URL encoding sits at the boundary between human-readable text and machine-parseable URIs, and getting it right is more nuanced than the basic mechanics suggest. The deeper point underneath all of this is that workflow tools earn their place not in the simple cases but in the cases where defaults fail. The simple cases are easy: drag, drop, click convert, done. The interesting cases are the ones where the defaults produce output that does not quite work, and the difference between a tool that survives a year of daily use and one that gets replaced is whether it gives you the knobs needed to handle those edge cases without leaving the tool. PDFFlare is built around that observation: every tool exposes the options that matter, the defaults work for ninety percent of cases, and the remaining ten percent have a clear path forward without requiring a different application or a complicated workflow. Try the tool on a real piece of work, identify where the defaults could be better for your specific use case, and adjust the relevant option. After a few iterations, you have a setting profile that matches your work better than any out-of-the-box default could, and the tool stops being a generic utility and starts being your tool, customized for what you actually do. That gradient — from generic utility to personalized tool — is the real value, and the time spent on the calibration pays back in every subsequent use of the tool over years of work.
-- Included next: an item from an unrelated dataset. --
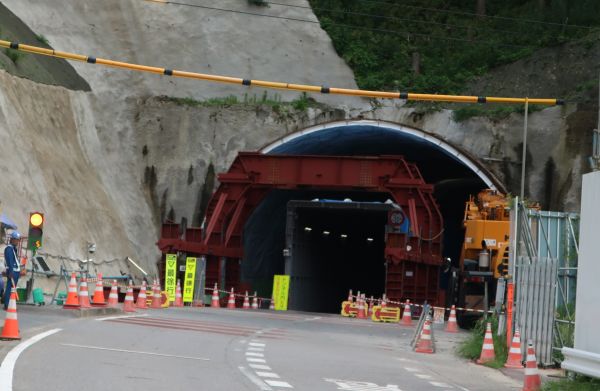 ポッポの丘を出て、亀山ダムへ向かう。 R465で工事中の蔵玉トンネルは、トンネル幅の拡張がほとんど完了してる状態。

One pattern worth internalizing about file workflows in general is that the cost of getting a setting wrong scales with how often you repeat the workflow. A one-off conversion where you accept the defaults loses you nothing if those defaults are slightly suboptimal. The same defaults applied to a recurring monthly process across hundreds of files accumulate into real time and quality losses over a year. The right discipline is to invest a few minutes calibrating a workflow the first time you set it up, document the settings somewhere you can find them later, and then run the calibrated workflow without further thought for the next six to twelve months. Re-evaluate when something changes, not on every individual run. This rhythm matches how most professionals work in practice — they have a few well-understood workflows that they execute on autopilot, and a much smaller number of new workflows that get the deliberate setup attention. The trick is to make sure your recurring workflows are the calibrated ones, not the default-accepting ones. PDFFlare's tools support this pattern by exposing the calibration knobs prominently and making them easy to discover, so the time you invest in setting up a workflow once compounds across every later execution. The end result is fewer surprises, more predictable output, and a noticeable reduction in the small frictions that interrupt focused work.

Wrapping Up

URL encoding is one of those invisible pieces of plumbing that silently breaks software when ignored. Spaces, emoji, ampersands, and reserved characters all need to be percent-encoded before they hit a URL. PDFFlare's URL Encode/Decode tool handles both directions in your browser, no signup, no logging.

Related Tools

One more habit worth mentioning: keep a small log of the settings you actually use for recurring workflows, ideally in plain text in a folder you can search later. The first time you find yourself trying to remember whether you used eighty percent quality or eighty-five, or whether the last conversion targeted Letter or A4, the value of the log becomes obvious. Most professionals lose more time re-deriving settings they have already chosen than they do on the underlying conversion work, and a five-line note in a project README solves the problem permanently. The discipline of writing down your decisions and the reasoning behind them turns ad-hoc workflow tweaking into a maintainable practice that survives team turnover, sabbatical months, and your own forgetfulness across enough time that the original context fades. This is the kind of small investment that distinguishes someone who has been doing this work for ten years from someone who has been doing it for one.